Speaker 1:But when you get pitched on things like pay per lead and the pay per cost per lead is like 2,400, you also still have to factor in all of your overhead costs related to the people that are servicing those leads. So it's not as though that's a new $2,400 case. That's probably a $3,500 case when you factor in what you're already paying to the rest of your people. And so just be cognizant of that. When you, when you hear, okay, I can acquire a case at 2,400, but my average fee is like 15,000. That sounds pretty good, but as you start to factor in what you're already paying. Maybe it's like 35 or 4,000 to acquire a case and your average fee is 15,000 and it's probably lower because it's a digitally acquired client and that's a whole other calculation that you can do. But just be cognizant of those added costs going into the stack that you can do, but just be cognizant of those added costs going into the stack that you already have.

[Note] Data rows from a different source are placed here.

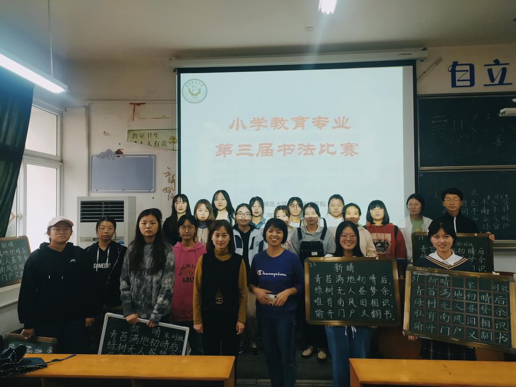 本网讯(教科院 王盟)2021年10月16日上午小学教育(全科)专业第三届书法比赛在田楼8210教室展开。该比赛旨在提高小学教育专业同学的汉字书写水平,给同学们一次以展现自我的机会。本次比赛由2018级小学教育班委成员负责组织,面向小学教育全体同学。专业负责人王芳老师莅临指导,TapTap点点附属小学尹娟娟老师以及18级、20级书法委员担任本次比赛的评委。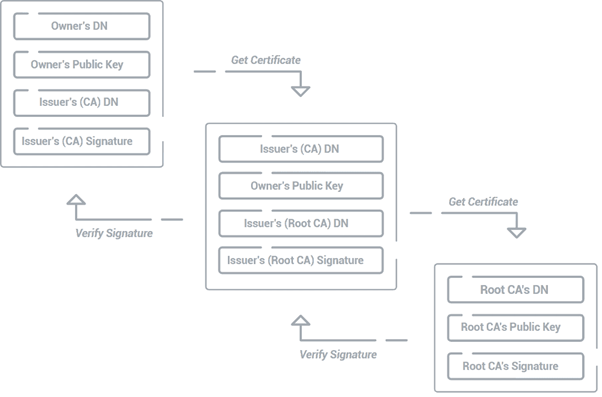 The order in which CAs issue these digital certificates is called a trust chain or certificate chain. This chain of trust verifies signatures against the issuing CA’s public key, linking entities to a trusted root CA.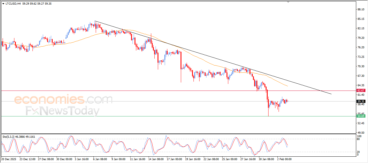 LTCUSD price recorded sideways trading with a cautious upward bias in its latest intraday moves, as it attempts to correct the main short-term downtrend while moving along a minor trend line supporting this corrective path. However, the setup remains under pressure as price continues to trade below its SMA50, which acts as dynamic resistance and prevents a sustainable recovery in the near term, especially with negative signals coming from the RSI after reaching overbought territory.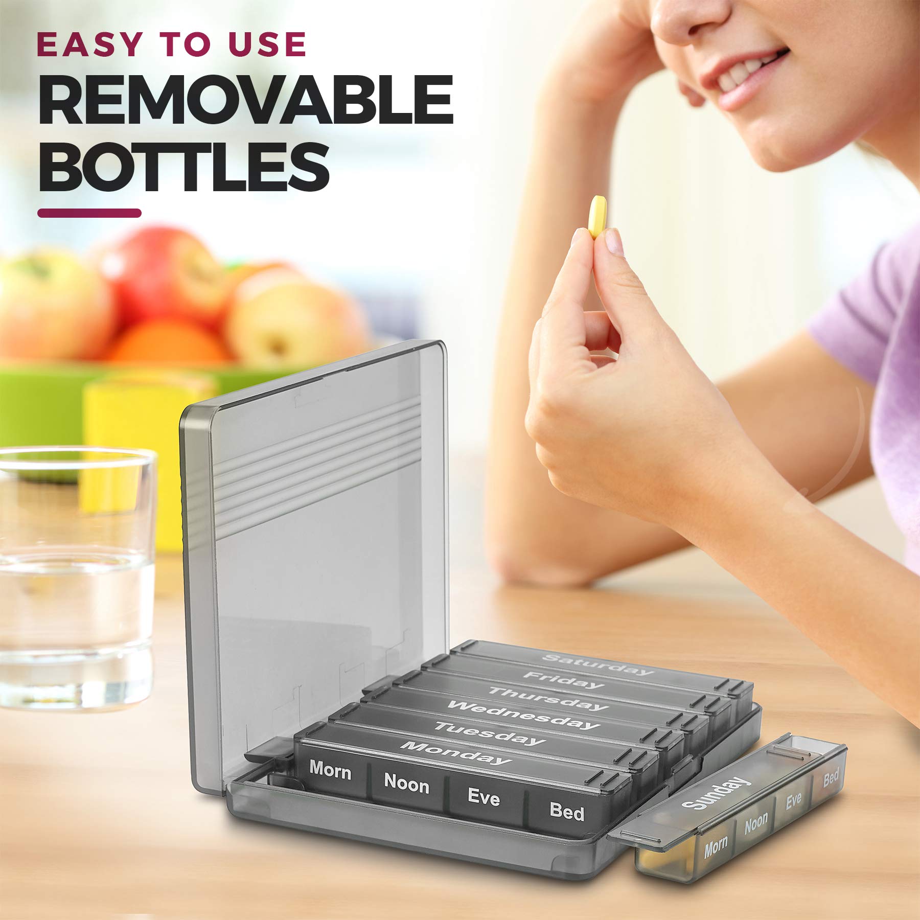 Weekly Pill Planner with Removable Daily Pill Cases Our Weekly Pill Box allows you to get all your medication organized for your convenience. The case holds 7 containers that correspond to each day of the w...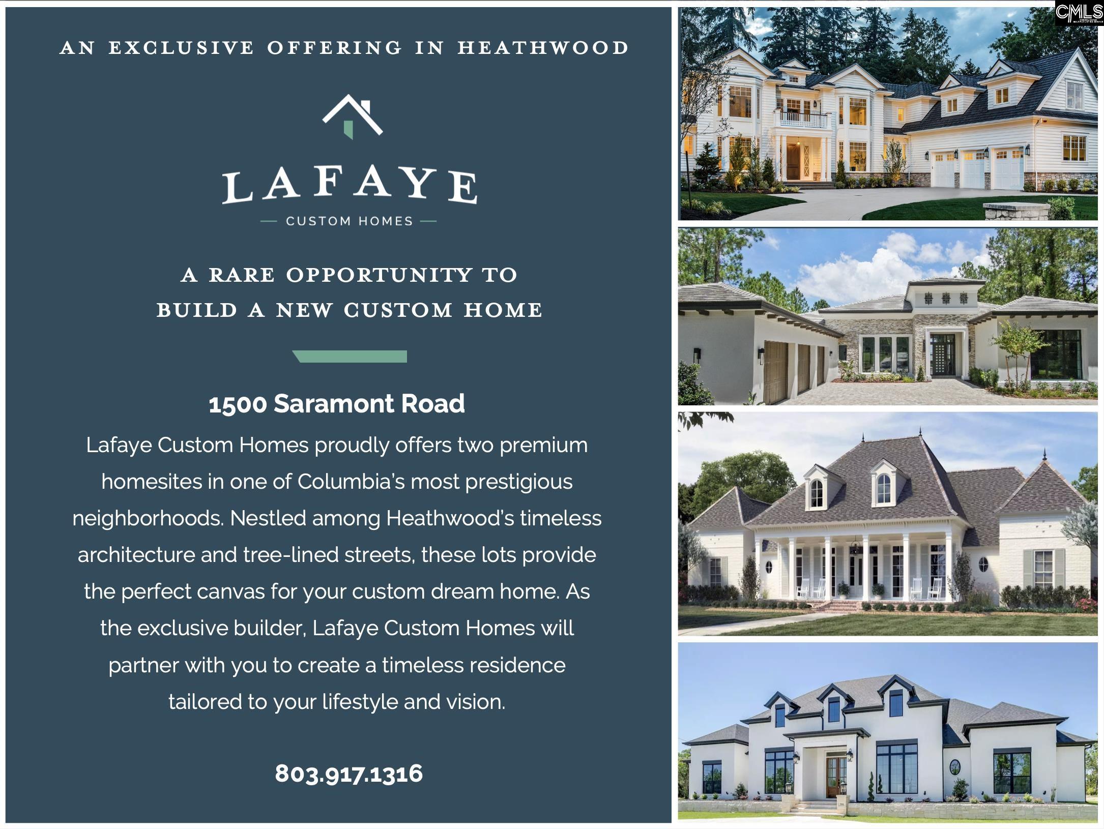 Lafaye Custom Homes proudly offers two premium homesites in one of Columbia’s most prestigious neighborhoods. Nestled among Heathwood’s timeless architecture and tree-lined streets, these lots provide the perfect canvas for your custom dream home. As the exclusive builder, Lafaye Custom Homes will partner with you to create a timeless residence tailored to your lifestyle and vision. Two rare, build-ready lots are available in the prestigious Heathwood neighborhood, offering a fully custom design and build experience with Lafaye Custom Homes, where expert guidance, elevated design, and uncompromising craftsmanship are at the heart of every detail. NOTE: The buyer will purchase the construction ready lot, while in the same transaction contract with Lafaye Custom Homes to build on the lot. Listing for LOT B - new addresses to be assigned by Richland County Disclaimer: CMLS has not reviewed and, therefore, does not endorse vendors who may appear in listings.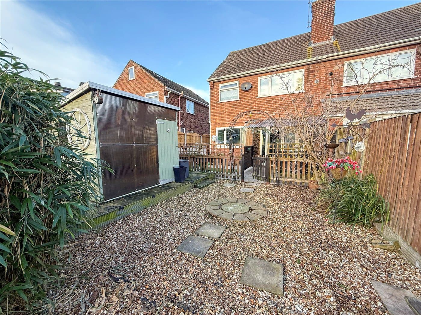 A semi-detached home, offered with no onward chain, sits in a quiet cul-de-sac and is ideal for first-time buyers or families. It features a front living room, open-plan kitchen/diner with garden access, three bedrooms and a bathroom, ample parking, a lawned front garden and a generous rear garden.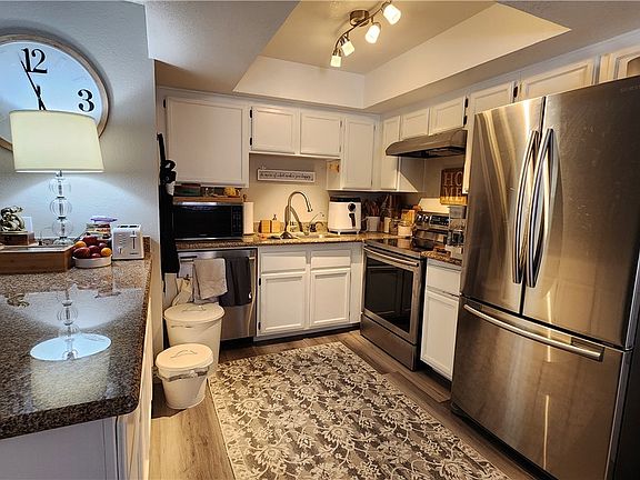This beautifully remodeled condo is a must-see! Featuring 2 Bedrooms / 2 Bathrooms, Upgraded Kitchen including Granite countertops, breakfast bar, and stainless steel appliances,. A Spacious Living Area to call home that includes a cozy fireplace with loads of ample natural lighing. Laminate Flooring Throughout the entire condo. The Primary bedroom has a beautiful closest and large en suite bathroom Conveniently located, to all the best shopping, entertainment, this condo offers both comfort and style.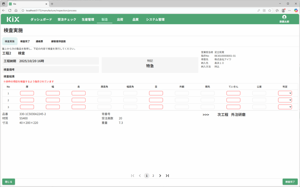 工程完了画面に表示されているすべての指示No.について完了すると、自動的に「検査実施」画面に移ります。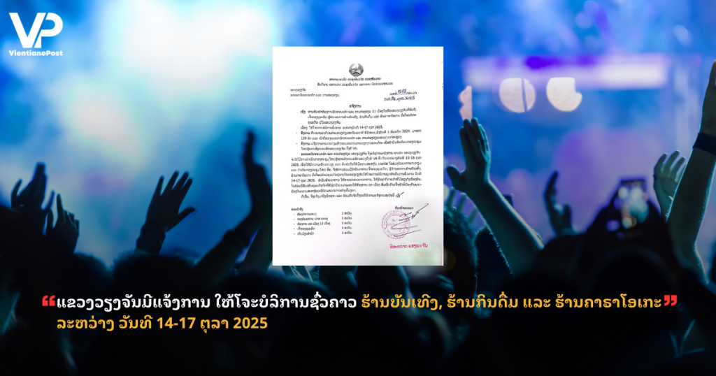 ແຂວງວຽງຈັນມີແຈ້ງການ ໃຫ້ໂຈະບໍລິການຊົ່ວຄາວ ຮ້ານບັນເທີງ, ຮ້ານກິນດື່ມ ແລະ ຮ້ານຄາຣາໂອເກະ ວັນທີ 14-17 ຕຸລາ 2025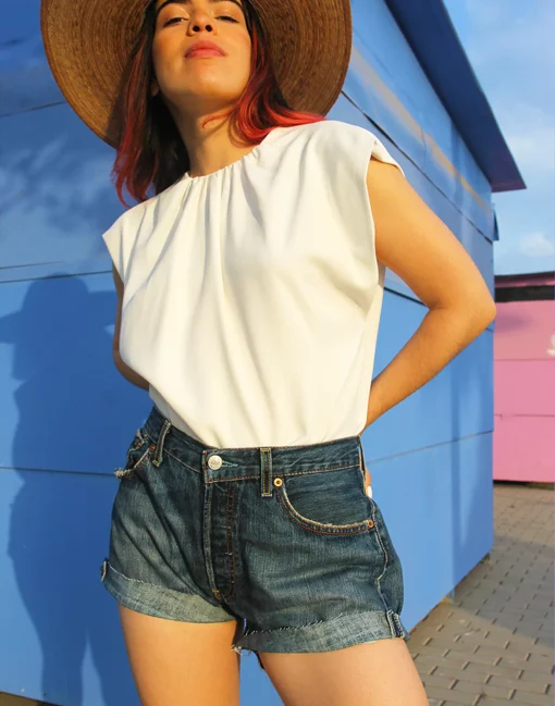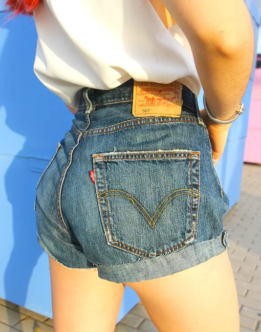 Actual measurements – 32″(81cm) waist – 40″(102cm) hips – 12″(30cm) outer leg – 11″(28cm) rise.

Speaker 2:And that could be depressing if you just keep taking that out, because pretty soon, it's way too expensive to get a case. But we go back to the whole reason we have KPIs, which is how can I improve the entire process from the time someone notices us to the time their case is over? How can I look at each step of the process and make it 10% better, including the client satisfaction part, because getting that online review is valuable, and I think that's really what KPIs are about. So if you're listening to this, you might be way over here, like I've never actually tracked much of anything myself. I'm surviving and I've got enough money to keep paying all the bills, and you may have a very robust system.
Speaker 2:I think we have a pretty robust system. I know lawyers that have a much more detailed and bigger robust system. What we want to get you to do, though, is to start thinking about this, because the best time to have started something is years ago. The second best time is now, and get on the call this month, because what you will see when you get on the call, particularly for our newer tribe members, is there's a community of people out there, and they have answers Like we have answers, but the tribe community has bigger, broader breadth of experience than we can have in our two per contingent fee verticals.
Speaker 1:If you're new here and you're now depressed by the fact that you're spending $4,000 to acquire a client, understand that the best way to reduce that number is by getting better at intake. So check out the intake success system that you have in the tribe membership site and the better that you can get at converting the people that are actually calling you, that's the quickest way to slice your cost to acquire a client.